**About this task:**
From the line that contains "This leader has" down to the final line of the listing below, set down every line exactly, both ends included, and drop the pictures.

=== Begin Enclosure ===

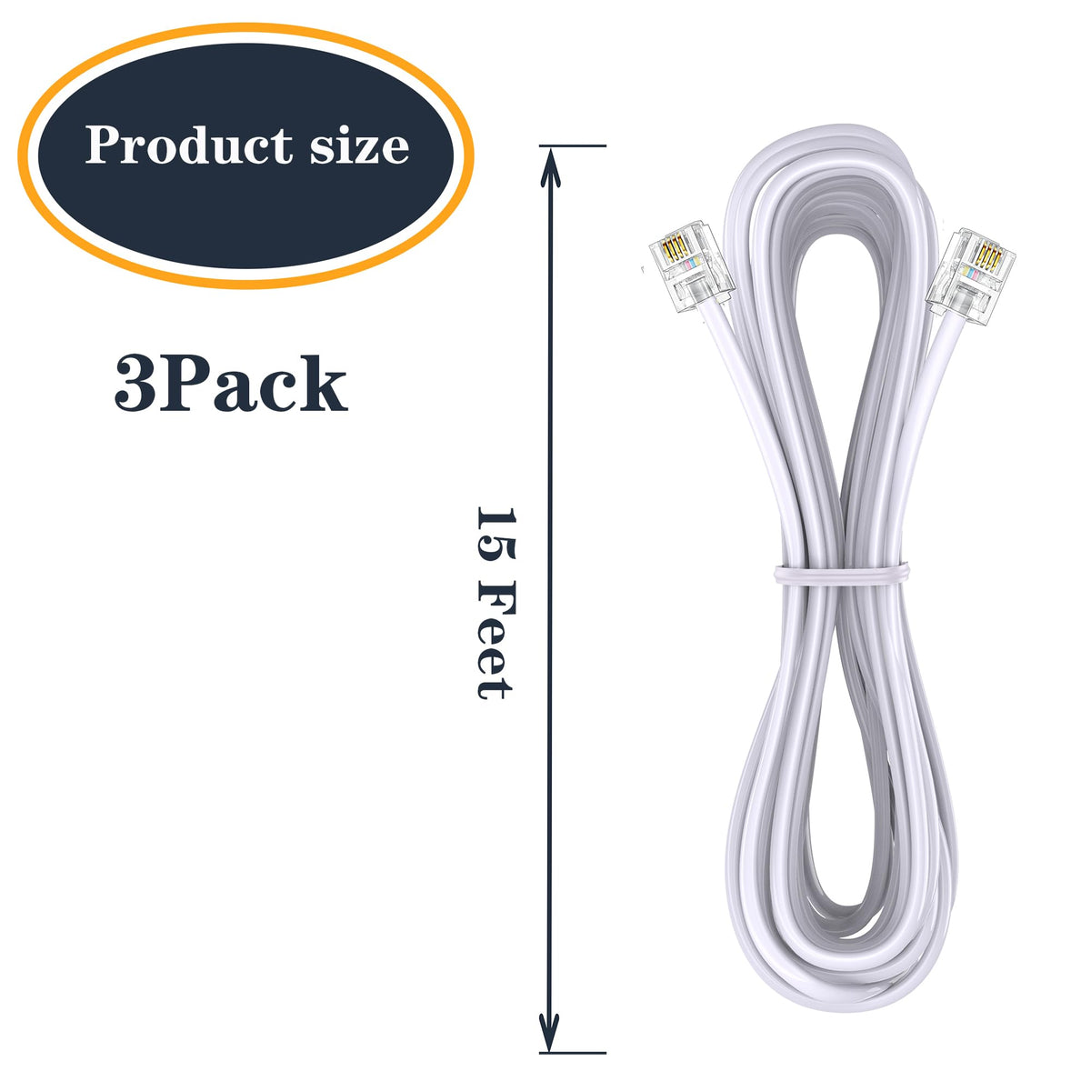 Color:White Telephone Line Length: 15Ft | Colour: White Product Features: Thicker Copper Cores In Wires Up To 26 Awg, Which Is Much Better Than Ordinary Copper-Clad-Steel Or Thin Copper Cores Telephone Cable, And Contacts Of Plugs Are Coated With Thicker Gold Plate Than Normal Ones On Market. Product Specs: Material Of Jacket: Pvc Material Of Core: Pure Copper Up To 26 Awg Length:15Ft Plug: Standard Rj11 Plug (6 Position 4 Conducts) At Both Ends. Scope Of Application: Landline Telephones, Fax Machines, Modems To A Standard Telephone Wall Jack, Answering Machines, Etc.
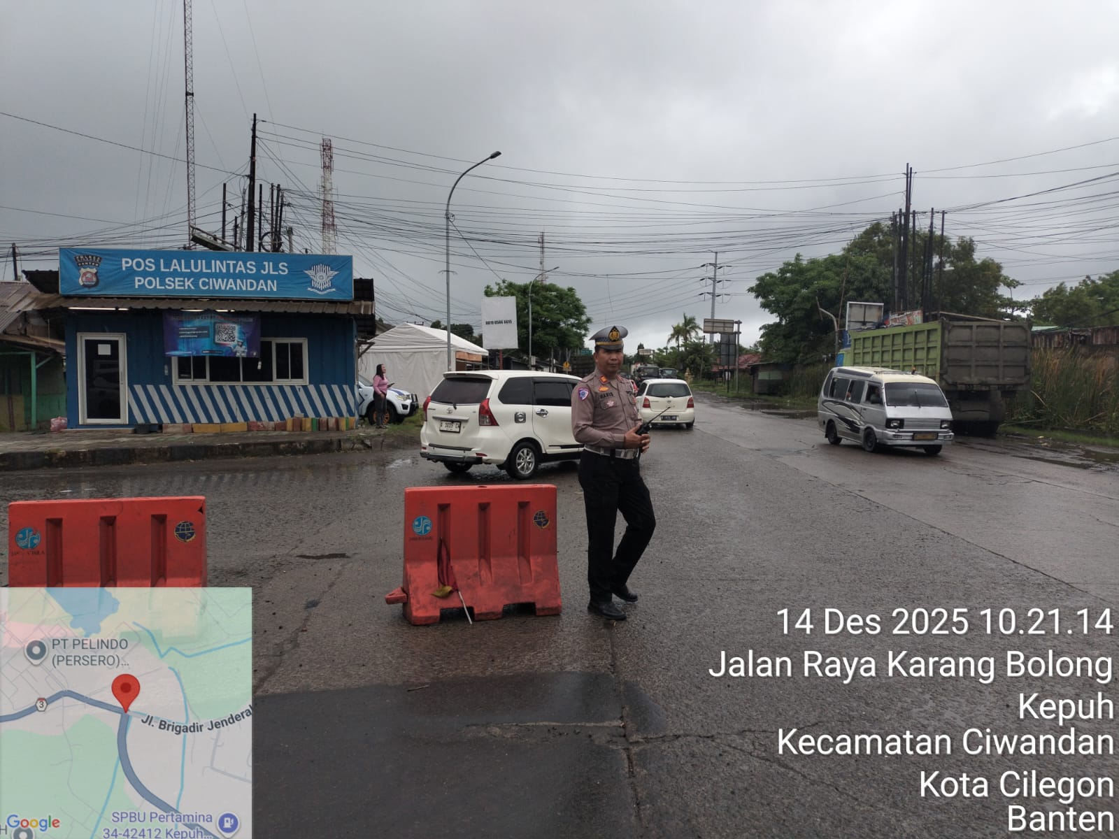 Personil Polsek Ciwandan melakukan pengaturan lalu lintas di depan Pos Lantas JLS Ciwandan dan peneguran terhadap pelanggaran kasat mata. Kegiatan ini dilaksanakan untuk memastikan keamanan dan kelancaran arus lalu lintas di wilayah hukum Polsek Ciwandan.
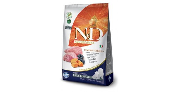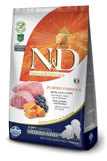 Для щенков средних и крупных пород, беззерновой, тыква, ягненок, черника.
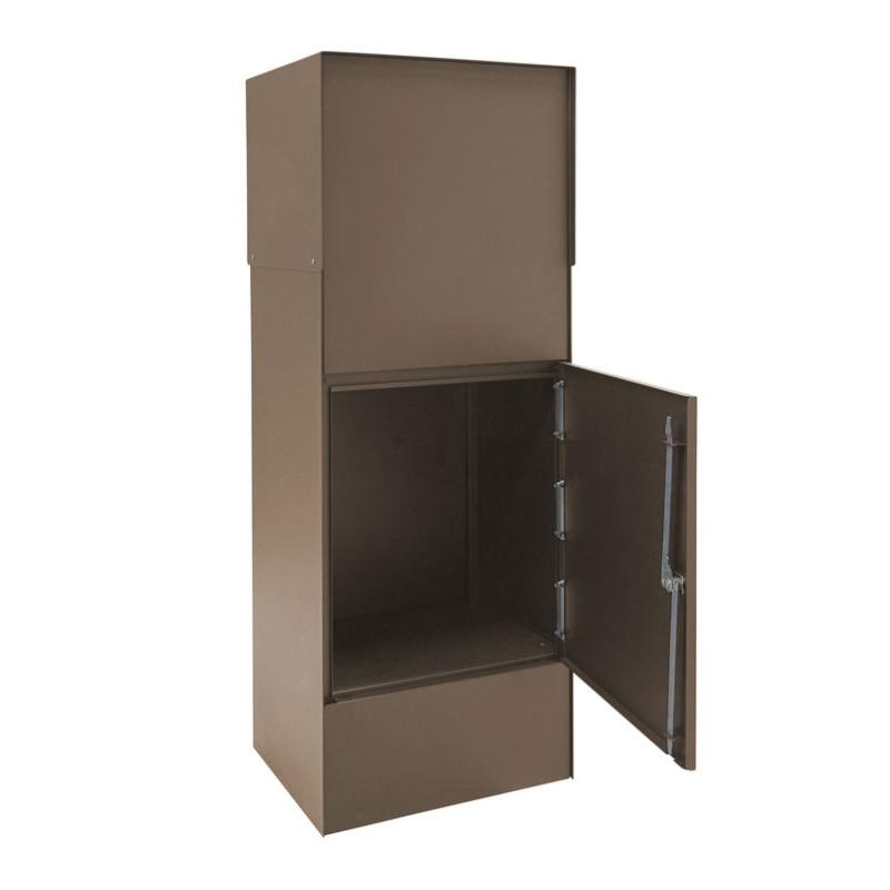 Deze uitnameklep aan de achterzijde is voorzien van een sterk slot met aan de achterzijde een driepuntssluiting die je pakket extra bescherming biedt. Om deze pakketkast te monteren zijn er onderin de kast 4 gaten, waarvoor de montage is meegeleverd in de verpakking. Gezien de grootte én het gewicht van deze brievenbus, leveren we deze altijd aan op een (halve) pallet.
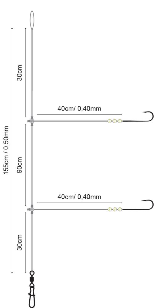 This leader has two or three side arms (depending on the hook size) with a length of 35cm. Crystal beads are attached in front of the hooks. The main line has a thickness of 0.50mm and the mouth lines of 0.40mm. The total length of the leader is 155cm. The leader is available with different hook sizes.
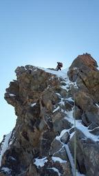 Keywords: climb alpine climbing climber secure rock climbing rock crag piz bernina alpine biancograt summit graubünden switzerland mountains high mountains glacier snow alpinism bernina group ridge

=== End Enclosure ===

**The answer:**
 This leader has two or three side arms (depending on the hook size) with a length of 35cm. Crystal beads are attached in front of the hooks. The main line has a thickness of 0.50mm and the mouth lines of 0.40mm. The total length of the leader is 155cm. The leader is available with different hook sizes.
 Keywords: climb alpine climbing climber secure rock climbing rock crag piz bernina alpine biancograt summit graubünden switzerland mountains high mountains glacier snow alpinism bernina group ridge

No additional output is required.